What Dominik is saying with those images is that Marilyn was powerless, and despite her outsized persona, she has little agency, even over her own body. She looks longingly at the 30-foot-high billboards flaunting her figure — in reality Norma Jean is still that little girl from the show’s menacing, haunting, surreal opening.
Despite her popularity she is lonely, despite her on-screen magnetism she is falling apart, a haywire mess of neurosis and self-doubt, yearning for a father figure or for someone to rescue her (even we, the audience, are pleading for her to be rescued but we are as powerless as Marilyn).
Her powerlessness is underlined in two of the most harrowing scenes in Blonde. One where she undergoes an abortion (the limelight of the cinema set replaced with the blinding glare of an operating lamp) and another, Dominik’s distasteful and repulsive coup de grace of a listless, detiorating Monroe fellating JFK on his bed. It’s difficult to watch — but that is the point.
Monroe was not rescued, the world — the powers that be — failed her. She died in 1962 at the age of just 36, a likely overdose. The credits run against a background of a starry sky, the nightmare finally over.
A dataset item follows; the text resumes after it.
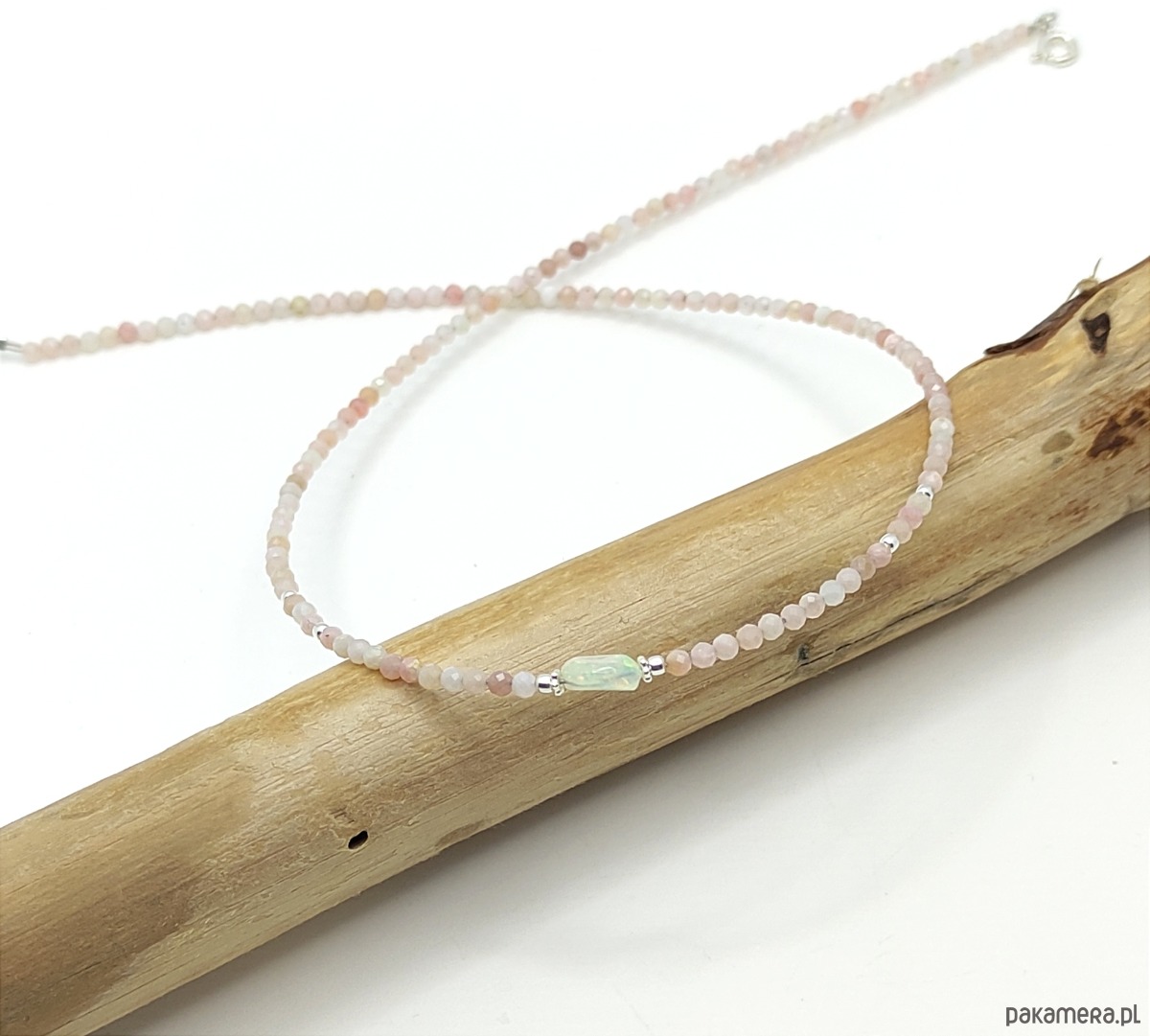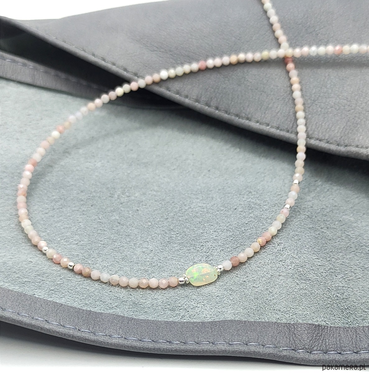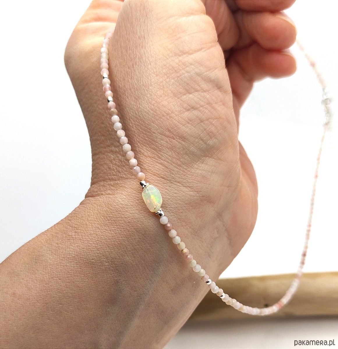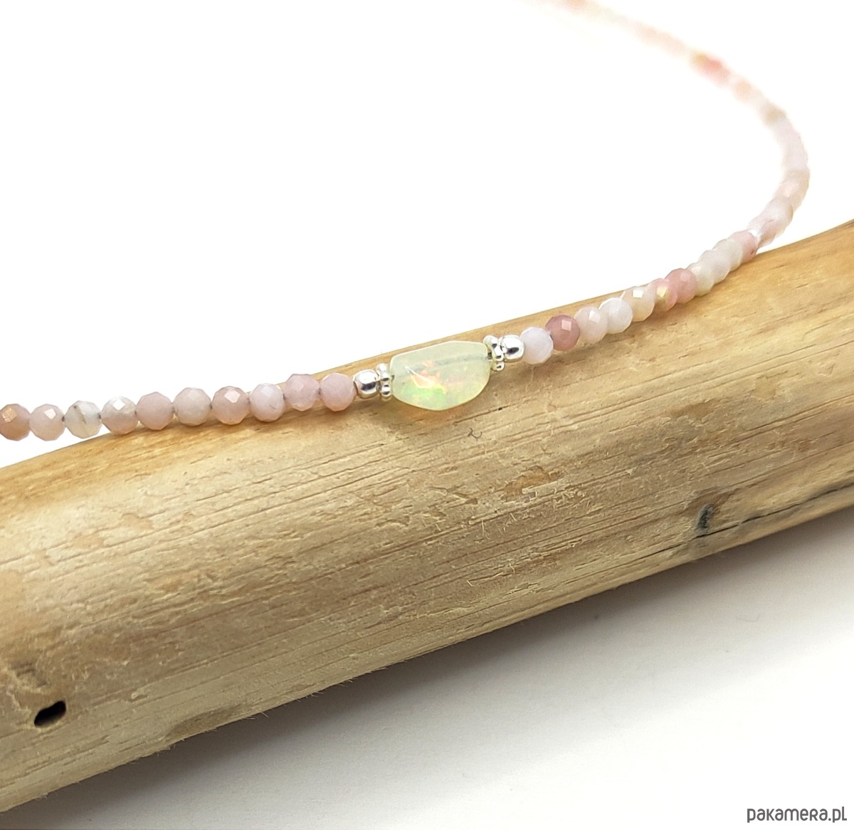 Delikalte róże, srebro i olśniewający opal etiopski - tak powstał delikatny, romantyczny naszyjnik. Fasetowane kuleczki opala peruwiańskiego delikatnie odbijają światło. Ułożony centralnie opal etiopski w zależności od kąta padania światła ukazuje różowe lub zielonkawe błyski. To jasny opal, więc nie tworzy dużych kontrastów. Naszyjnik będzie pięknym symbolem czułości - delikatny, dziewczęcy, pastelowy.

In contrast to Blonde, Todd Field is very much interested in reality with Tár, a film much more widely acclaimed and accepted (Blonde was particularly loathed in the United States).
Lydia Tár is brilliantly written and, crucially, written to be believable and seem part of the audience’s reality; she is interviewed by New Yorker staff writer Adam Gopnik (who plays himself), her exploits and tribulations are covered by social media (there’s already a popular Lydia Tár Twitter account) and no one would not be shocked to see a profile of her in a glossy magazine.
That affinity to reality has come back to haunt Tár somewhat.
In that beginning interview Tár namechecks real life composer Marina Alsop who shares several similarities with her: both are lesbians, both head-up prestigious orchestras and both are married to orchestral musicians.
In The New York Times, critic Zachary Woolfe wrote that “the protagonist is clearly based partly on Alsop”.
Cue the backlash.
Alsop told The Sunday Times that when she saw the film: “I was offended: I was offended as a woman, I was offended as a conductor, I was offended as a lesbian.”
She added:
“To have an opportunity to portray a woman in that role and to make her an abuser — for me that was heartbreaking. I think all women and all feminists should be bothered by that kind of depiction.”
“There are so many men — actual, documented men — this film could have been based on but, instead, it puts a woman in the role but gives her all the attributes of those men. That feels antiwoman.”
Blanchett responded to Alsop in the UK press:
“It’s a very provocative film and it will elicit a lot of very strong responses for people.
“What [director Todd Field] and I wanted to do was to create a really lively conversation. So there’s no right or wrong responses to works of art. It’s not a film about conducting, and I think that the circumstances of the character are entirely fictitious.
“It’s a meditation on power and power is genderless. It is a meditation on power and the corrupting nature of power and I think that that doesn’t necessarily happen only in cultural circles.”
There are a litany of differences between Tár and Blonde as pieces of filmmaking, despite both being films, essentially about power (or the lack of it).
Blonde is more a kaleidoscope of images, whereas Field instead uses several prolonged set-piece scenes to tell a story of a woman losing her grip on reality (just like Monroe does) as her grip on power weakens.
For years, it is suggested, Lydia has abused her position and her talent to manipulate life to her advantage.
The fact that she is a woman does not make the film anti-women, Field simply wants to highlight that power imbalances go across both genders, it is just a symptom of an unfair society that empowers dangerous people.
Blonde and Tár are both brilliant films, both works of art that people will draw different responses and raise different questions.
This is a good thing, this should be celebrated.
Lydia Tár would have loved Blonde, by the way.